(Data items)
# # # # #

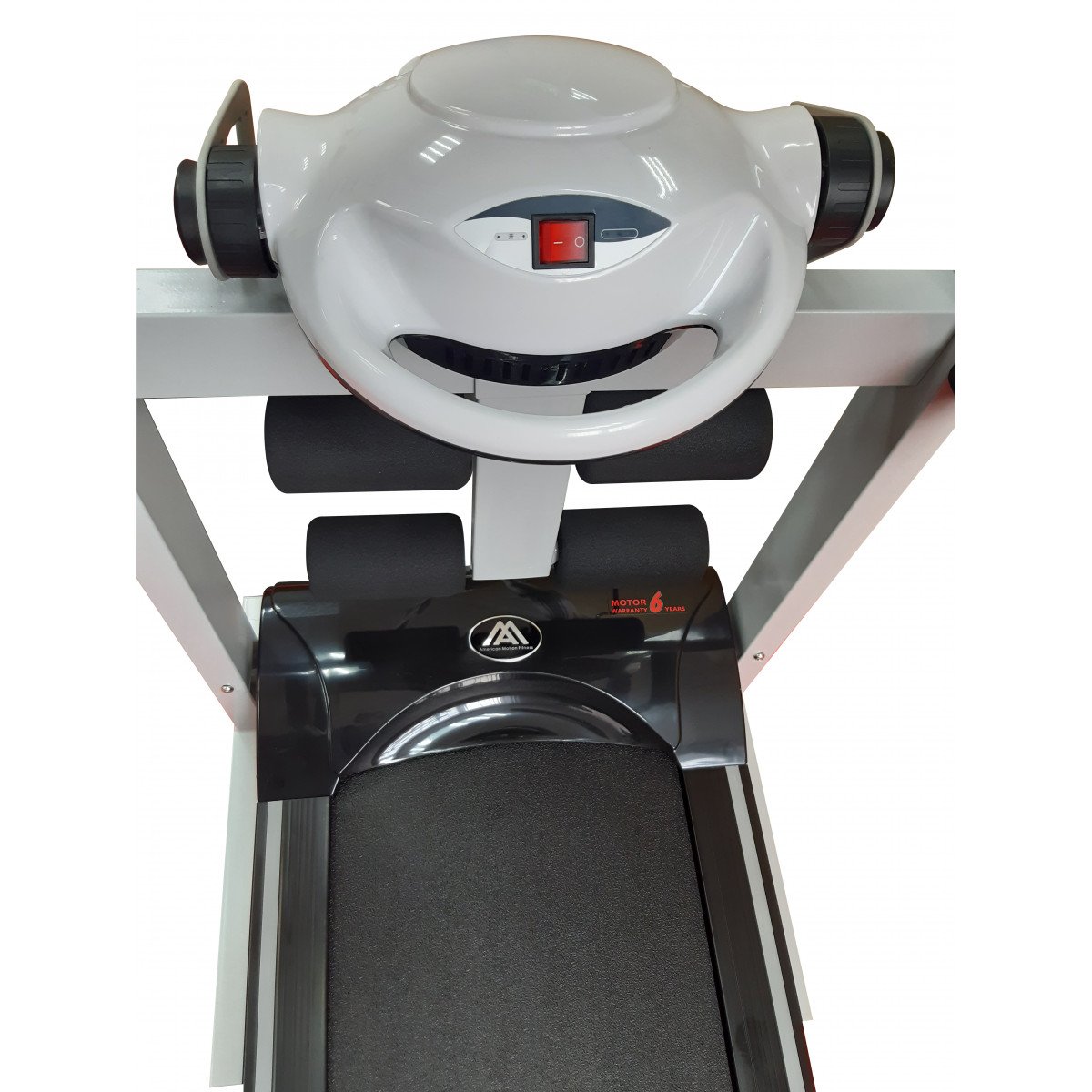 Беговая дорожка American Motion Fitness 8212 (Американ Моушен Фитнес 8212) с встроенным массажером и функцией прокачки пресса – это многофункциональный тренажер для проработки различных групп мышц, укрепления корпуса и улучшения фигуры. Встроенный массажер помогает подтянуть ягодицы и бедра, а стойка для прокачки пресса укрепляет как прямые, так и косые мышцы, а также мышцы спины, создавая прочный мышечный корсет.
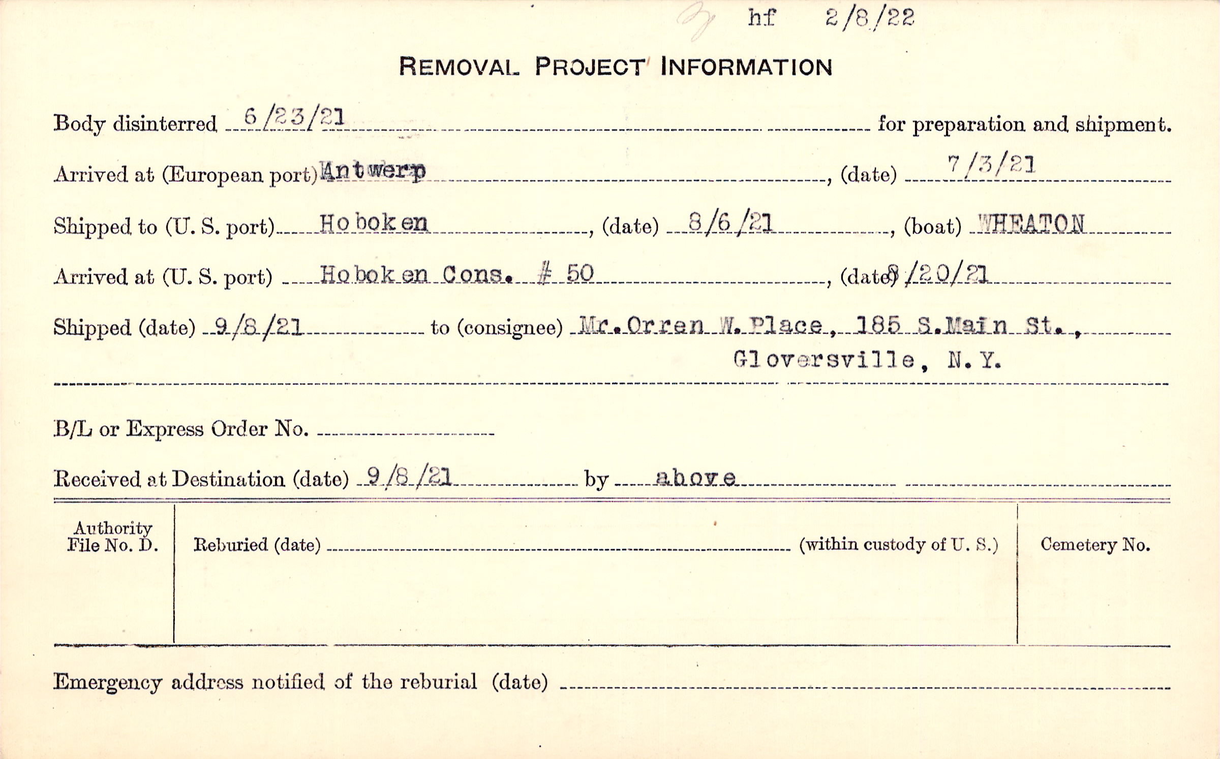 Mr. Oren Place (Brother), 6 Fosdick St., Gloversville, N.Y.
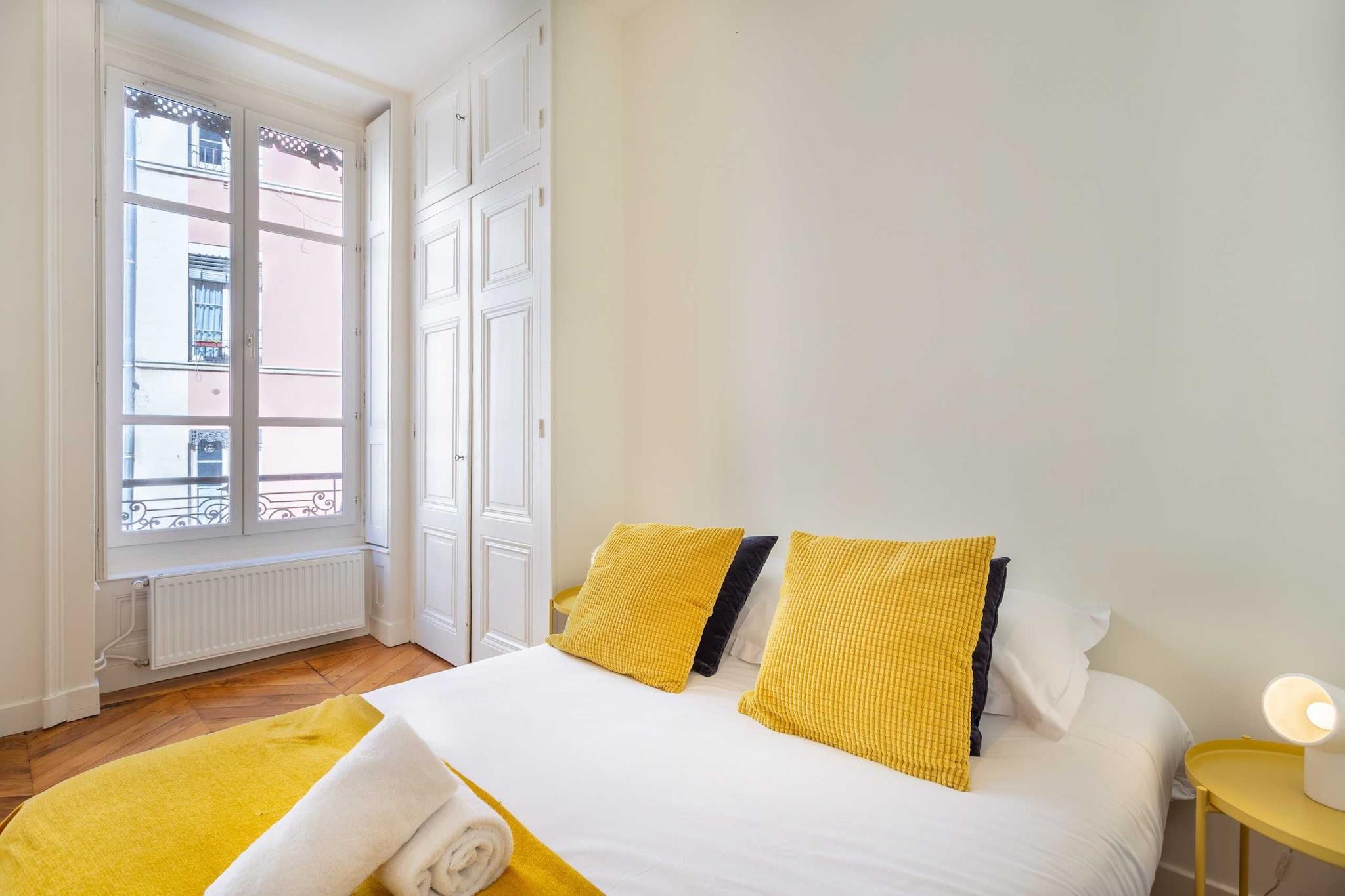 Lägenhet med mycket karaktär, renoverad och inredd av en arkitekt. null Lägenhet med mycket karaktär, renoverad och inredd av en arkitekt. Du kan njuta av dess ljusa och lugna atmosfär under din vistelse. Den har utformats med högklassiga tjänster för att tillfredsställa dina minsta önskningar. Lägenheten ligger på tredje våningen med hiss. Boende Denna helt renoverade och utrustade lägenhet rymmer upp till 4 personer med ett sovrum utrustat med en dubbelsäng (160x190), ett andra sovrum utrustat med en dubbelsäng (140x190). För din bekvämlighet erbjuder lägenheten två privata badrum och en separat toalett. Du kommer att dra nytta av hela lägenheten och kan använda alla faciliteter. Obegränsat internet, utrustat kök, kaffebryggare, tvättmaskin och mycket mer. Tillgång för resenärer Tillgång till hela boendet (delas inte med ägaren).
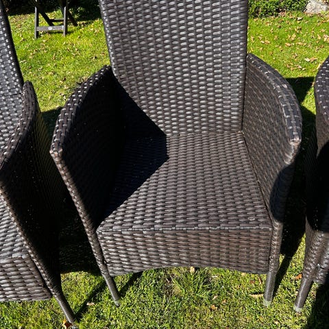 Havestol og bord i flet i mørkegrå farve. Inkl loungestol med armlæn og en lav firkantet bord-/fodskammel-del i samme materiale og farve. Møblerne er udført i kunstflet på metalstel og er velegnede til udendørs brug.
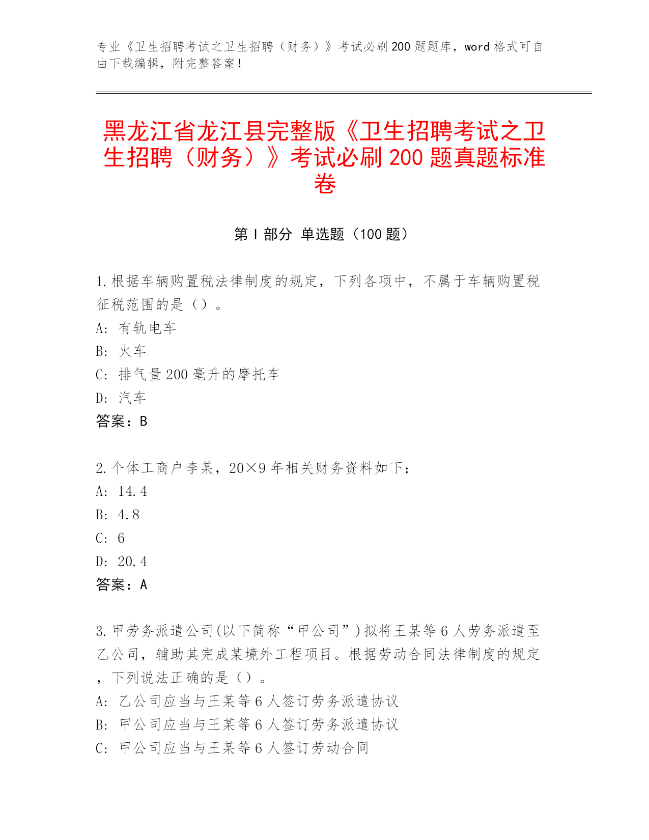 黑龙江省龙江县完整版《卫生招聘考试之卫生招聘(财务)》考试必刷200题真题标准卷
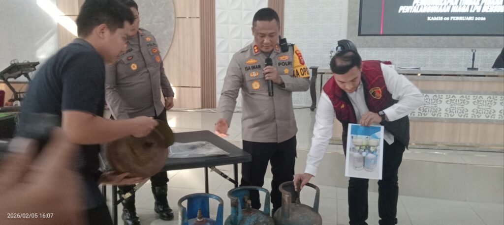 Dalam acara konprensi pers yang digelar di Gedung Serba Guna Tunggal Panaluan pada Kamis (5/2/2026) , Kapolres Rohil AKBP Isa Imam Syahroni S.H S.IK didampingi Kasat Reskrim AKP I Putu Adi Juniwinata, S.Tr.K., S.I.K., M.Si. menjelaskan kepada awak media dalam pengungkapan ini, tiga orang terduga pelaku diamankan bersama ratusan tabung gas dan perlengkapan alat penyulingan.” Ujarnya
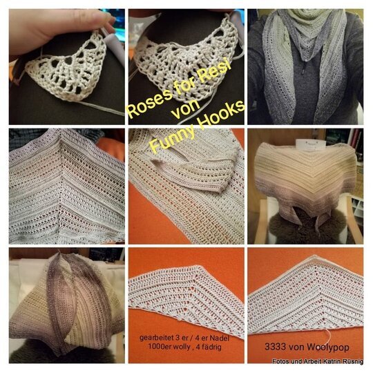 Das Tuch “Roses for Resi ” ist eine kleine Hommage an meine liebe 86 jährige Oma Therese (kurz Resi). Resi liebt Rosen und da es in dieser Anleitung auch Rosenstäbchen gibt, passt das wunderbar. Das Tuch besteht aus sich wiederholenden Mustersätzen.
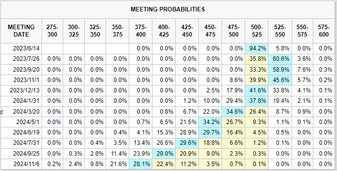 根据CME的“美联储观察”显示,美联储7月加息25个基点的可能性为60.6%,高于周二的59.9%。
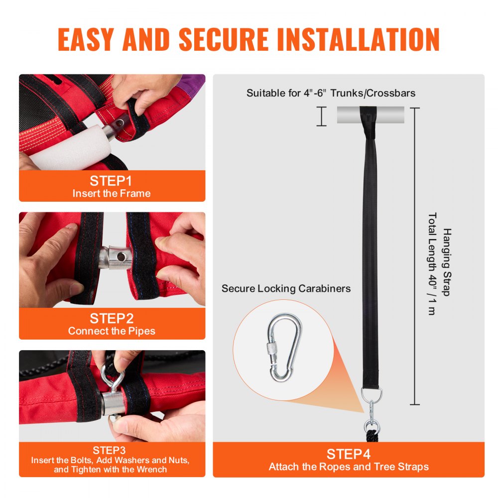Tela Oxford multicolor 900D: el asiento del columpio de color arcoíris está hecho de tela de nailon de alta densidad 900D. Este material duradero es fuerte y puede soportar el uso diario y el desgaste al aire libre, ofreciendo una larga vida útil sin decolorarse. Los tubos del marco están hechos de acero galvanizado con una capa de espuma suave, lo que garantiza la comodidad y la seguridad de los niños. El asiento del columpio tipo platillo está asegurado con cuatro pernos de acero galvanizado con tensión uniforme que resisten el óxido y mantienen el columpio estable.
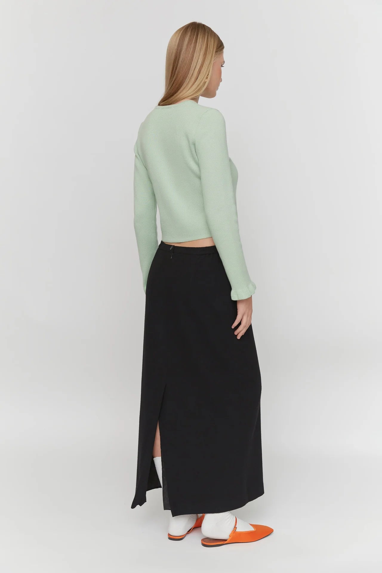 Ідеальний м'ятний, стримана довжина, фактурна рюша, перламутрові ґудзики.
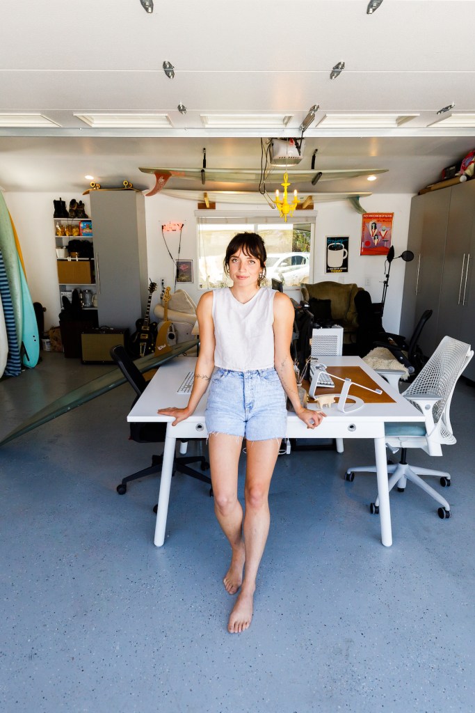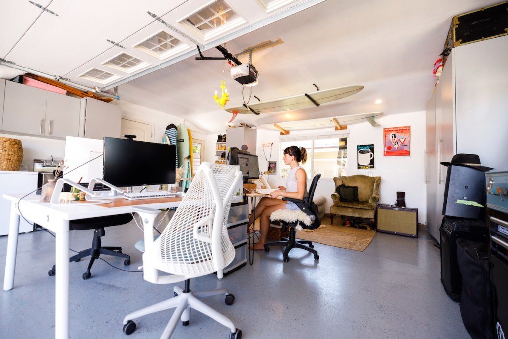 Prioritizing the work-life balance is still key, she says. Her boyfriend was with her in Mexico, but now he’s at UC Santa Cruz finishing up his studies, and a flexible job allows her to visit him for weeks at a time. Her workspace reflects this balance as well: She and her housemates have set up a creative coworking space/band practice spot/surfboard storage unit — all within the confines of their garage.
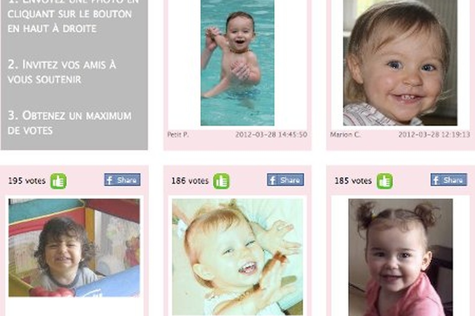 Voici la vue présentant les photos. Elle permet d'envoyer une photo pour participer, de voter et de partager auprès de ses amis pour glaner des votes supplémentaires.
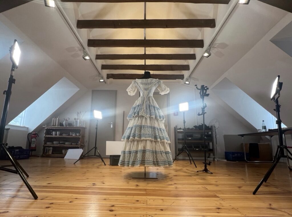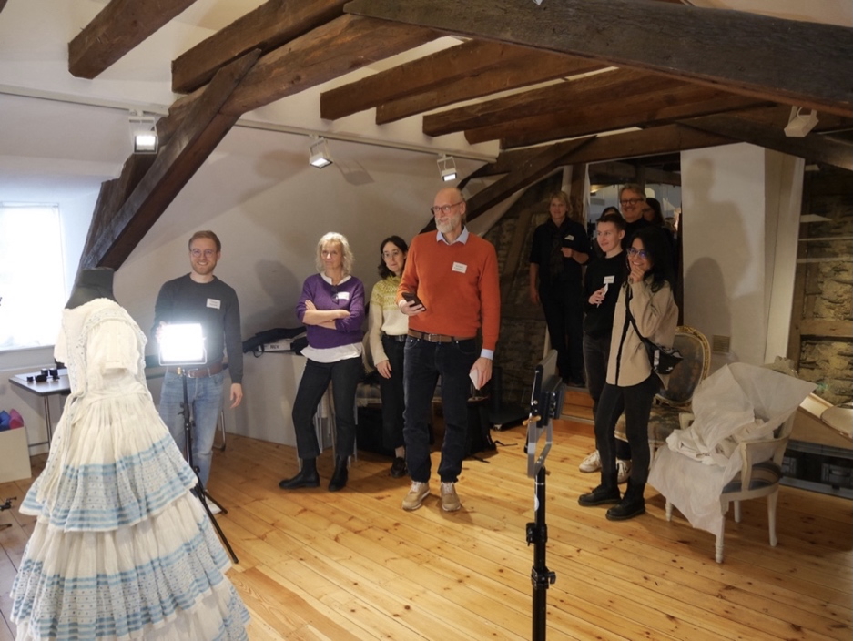 Im Dachgeschoss des Herrenhauses fanden parallel erste Testaufnahmen von historischen Kleidern statt. In Zusammenarbeit mit der Textilrestauratorin Claudia Grohmann prüfte Katja Tümmers Ludwig von World of VR mithilfe mehrerer Testaufnahmen die Raum- und Lichtverhältnisse sowie die idealen Bedingungen für den Scan der Kleidungsstücke. Mit diesen Aufnahmen können im nächsten Schritt bereits weitere Experimente durchgeführt werden. Prof. Dr. Kerstin Kraft und Valentina Rödelberger von der Universität Paderborn verglichen die textile Materialität des Kleides mit historischen Stoffproben. Anhand dieser Stoffproben können im weiteren Projektverlauf die Materialeigenschaften analysiert und für die Simulation verwendet werden, ohne das erhaltene Kleid zu beschädigen.
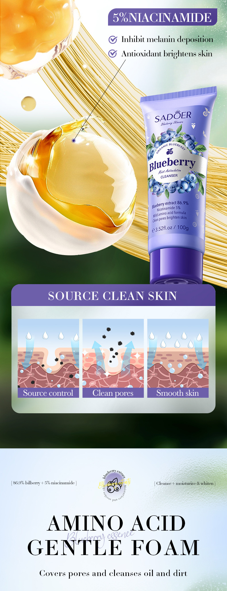 English Hyaluronic Acid Series Sadoer Amino Acid Facial Cleanser Cross-Border Foreign Trade Factory Direct Sales
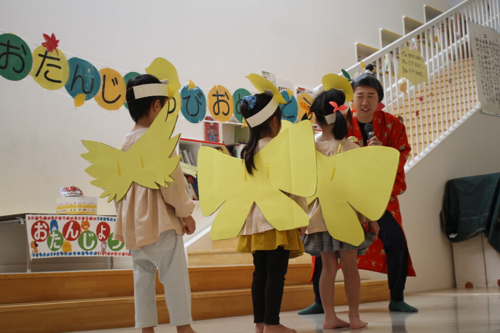 その後は、園長先生からプレゼントをもらい、みんなからお歌のプレゼントをもらいました♪
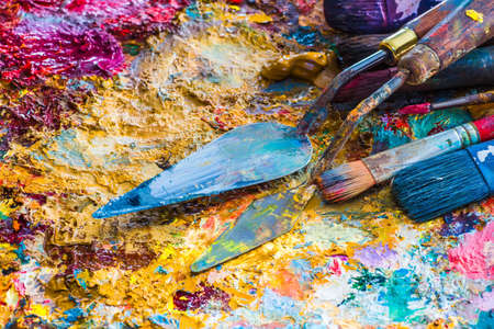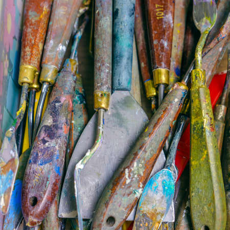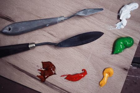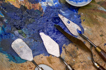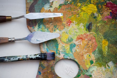 Photo Assortment of dirty artist's tools laying on studio bench splattered in oil paint

# # # # #

▸ **PROBLEM**
Please output all of the entries above exactly, but without any picture.

▸ **YOUR SOLUTION**
 Беговая дорожка American Motion Fitness 8212 (Американ Моушен Фитнес 8212) с встроенным массажером и функцией прокачки пресса – это многофункциональный тренажер для проработки различных групп мышц, укрепления корпуса и улучшения фигуры. Встроенный массажер помогает подтянуть ягодицы и бедра, а стойка для прокачки пресса укрепляет как прямые, так и косые мышцы, а также мышцы спины, создавая прочный мышечный корсет.
 Mr. Oren Place (Brother), 6 Fosdick St., Gloversville, N.Y.
 Lägenhet med mycket karaktär, renoverad och inredd av en arkitekt. null Lägenhet med mycket karaktär, renoverad och inredd av en arkitekt. Du kan njuta av dess ljusa och lugna atmosfär under din vistelse. Den har utformats med högklassiga tjänster för att tillfredsställa dina minsta önskningar. Lägenheten ligger på tredje våningen med hiss. Boende Denna helt renoverade och utrustade lägenhet rymmer upp till 4 personer med ett sovrum utrustat med en dubbelsäng (160x190), ett andra sovrum utrustat med en dubbelsäng (140x190). För din bekvämlighet erbjuder lägenheten två privata badrum och en separat toalett. Du kommer att dra nytta av hela lägenheten och kan använda alla faciliteter. Obegränsat internet, utrustat kök, kaffebryggare, tvättmaskin och mycket mer. Tillgång för resenärer Tillgång till hela boendet (delas inte med ägaren).
 Havestol og bord i flet i mørkegrå farve. Inkl loungestol med armlæn og en lav firkantet bord-/fodskammel-del i samme materiale og farve. Møblerne er udført i kunstflet på metalstel og er velegnede til udendørs brug.
 黑龙江省龙江县完整版《卫生招聘考试之卫生招聘(财务)》考试必刷200题真题标准卷
 Dalam acara konprensi pers yang digelar di Gedung Serba Guna Tunggal Panaluan pada Kamis (5/2/2026) , Kapolres Rohil AKBP Isa Imam Syahroni S.H S.IK didampingi Kasat Reskrim AKP I Putu Adi Juniwinata, S.Tr.K., S.I.K., M.Si. menjelaskan kepada awak media dalam pengungkapan ini, tiga orang terduga pelaku diamankan bersama ratusan tabung gas dan perlengkapan alat penyulingan.” Ujarnya
 Das Tuch “Roses for Resi ” ist eine kleine Hommage an meine liebe 86 jährige Oma Therese (kurz Resi). Resi liebt Rosen und da es in dieser Anleitung auch Rosenstäbchen gibt, passt das wunderbar. Das Tuch besteht aus sich wiederholenden Mustersätzen.
 根据CME的“美联储观察”显示,美联储7月加息25个基点的可能性为60.6%,高于周二的59.9%。
Tela Oxford multicolor 900D: el asiento del columpio de color arcoíris está hecho de tela de nailon de alta densidad 900D. Este material duradero es fuerte y puede soportar el uso diario y el desgaste al aire libre, ofreciendo una larga vida útil sin decolorarse. Los tubos del marco están hechos de acero galvanizado con una capa de espuma suave, lo que garantiza la comodidad y la seguridad de los niños. El asiento del columpio tipo platillo está asegurado con cuatro pernos de acero galvanizado con tensión uniforme que resisten el óxido y mantienen el columpio estable.
 Ідеальний м'ятний, стримана довжина, фактурна рюша, перламутрові ґудзики.
 Prioritizing the work-life balance is still key, she says. Her boyfriend was with her in Mexico, but now he’s at UC Santa Cruz finishing up his studies, and a flexible job allows her to visit him for weeks at a time. Her workspace reflects this balance as well: She and her housemates have set up a creative coworking space/band practice spot/surfboard storage unit — all within the confines of their garage.
 Voici la vue présentant les photos. Elle permet d'envoyer une photo pour participer, de voter et de partager auprès de ses amis pour glaner des votes supplémentaires.
 Im Dachgeschoss des Herrenhauses fanden parallel erste Testaufnahmen von historischen Kleidern statt. In Zusammenarbeit mit der Textilrestauratorin Claudia Grohmann prüfte Katja Tümmers Ludwig von World of VR mithilfe mehrerer Testaufnahmen die Raum- und Lichtverhältnisse sowie die idealen Bedingungen für den Scan der Kleidungsstücke. Mit diesen Aufnahmen können im nächsten Schritt bereits weitere Experimente durchgeführt werden. Prof. Dr. Kerstin Kraft und Valentina Rödelberger von der Universität Paderborn verglichen die textile Materialität des Kleides mit historischen Stoffproben. Anhand dieser Stoffproben können im weiteren Projektverlauf die Materialeigenschaften analysiert und für die Simulation verwendet werden, ohne das erhaltene Kleid zu beschädigen.
 English Hyaluronic Acid Series Sadoer Amino Acid Facial Cleanser Cross-Border Foreign Trade Factory Direct Sales
 その後は、園長先生からプレゼントをもらい、みんなからお歌のプレゼントをもらいました♪
 Photo Assortment of dirty artist's tools laying on studio bench splattered in oil paint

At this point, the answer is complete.